In [1]:
# Fetch provides value to our user base through the rich variety of offers that are active in the app. 
#  We want our users to be able to easily seek out offers in the app, so that they get the most out of using the app and our partners get the most out of their relationship with Fetch.
# For this assignment, you will build a tool that allows users to intelligently search for offers via text input from the user.
# You will be provided with a dataset of offers and some associated metadata around the retailers and brands that are sponsoring the offer. 
# You will also be provided with a dataset of some brands that we support on our platform, and the categories that those products belong to.

# Acceptance Criteria
# If a user searches for a category (ex. diapers) the tool should return a list of offers that are relevant to that category.
# If a user searches for a brand (ex. Huggies) the tool should return a list of offers that are relevant to that brand.
# If a user searches for a retailer (ex.
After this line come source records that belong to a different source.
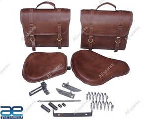 For Royal Enfield Classic 500 350 Brown Tan Front Leather Seats & Bags Pair
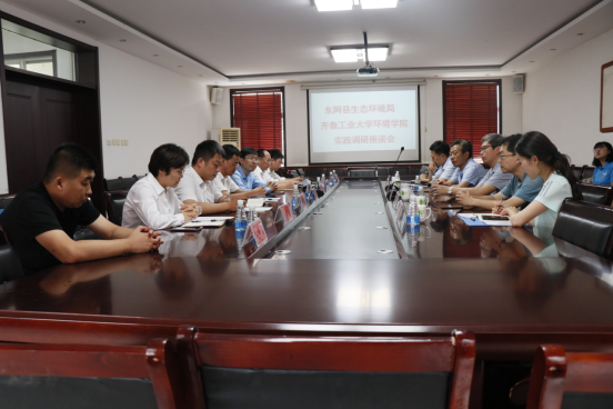 7月8日上午,于东阿县生态环境局会议室召开东阿县生态环境局与齐鲁工业大学环境学院实践调研座谈会,双方进行了深入洽谈。东阿县生态环境局党支部书记曾令法担任会议主持,齐鲁工业大学环境科学与工程学院党总支书记刘泰东、环境科学与工程学院院长王晨、齐鲁工业大学团委副书记张天晓、环境科学与工程学院党总支副书记崔灏、环境科学与工程学院团委副书记吕磊、辅导员尹吉亭;东阿县副县长张磊、党组成员、环境局副局长孟宪民、政工科科长曹帅、环境监察队队长程珂、王通、卓睿、环境监测站站长柳海燕出席会议。此次座谈会,拉开了实践活动的序幕,对促进“校地共建”有着重要意义。面对新时代的机遇和挑战,双方紧密合作互利共赢:学生为当地的生态发展建言献策的同时,使自己对环保的认识更加深刻;当地为学生提供实践基地配合工作的同时,获取了学生专业知识的帮助,促进了发展。
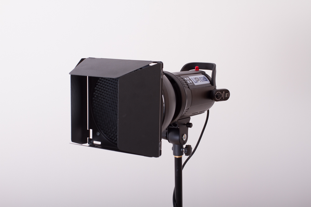 Błyskowe lampy studyjne w praktyce - teoria -  Błyskowe lampy studyjne w praktyce - teoriaLampa Quantuum Up! 200, pełna moc (odległość 1.8 m), plaster miodu oraz przymknięte wrota
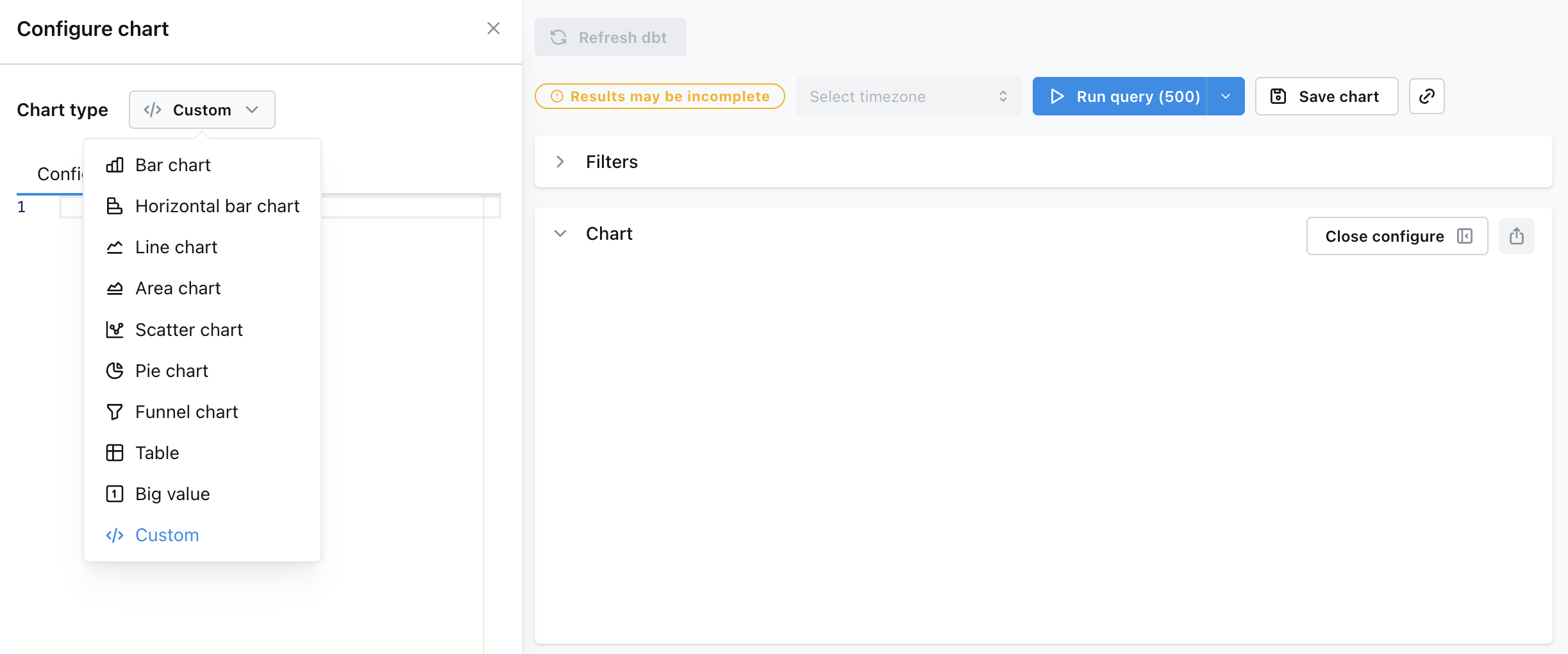 Below are some example chart config templates that we got working in Lightdash, along with some tips on when to use each chart type.

Target) the tool should return a list of offers that are relevant to that retailer.
# The tool should also return the score that was used to measure the similarity of the text input with each offer

# Feel free to make the deployment of this tool as sophisticated as you'd like, whether it's a simple command line tool, a web app, or something else entirely. 
#  We're looking for a tool that is easy to use and provides a good user experience.
# Your submission must include:
# A link to a Github repository containing your code
# A link to a hosted version of your tool (if applicable)
# A brief writeup of your approach to the problem, including any assumptions you made and any tradeoffs you considered
# Instructions on how to run your tool locally, if applicable

In [2]:
# IMPORTS
import texthero as hero # to get env to work, first pip install gensim = 3.8.1
import pandas as pd
pd.set_option('display.max_colwidth', 100) # want to be able to read the offers. 
import numpy as np
import tensorflow_hub as hub 

# Load pre-trained universal sentence encoder model 
embed = hub.load("https://tfhub.dev/google/universal-sentence-encoder/4") 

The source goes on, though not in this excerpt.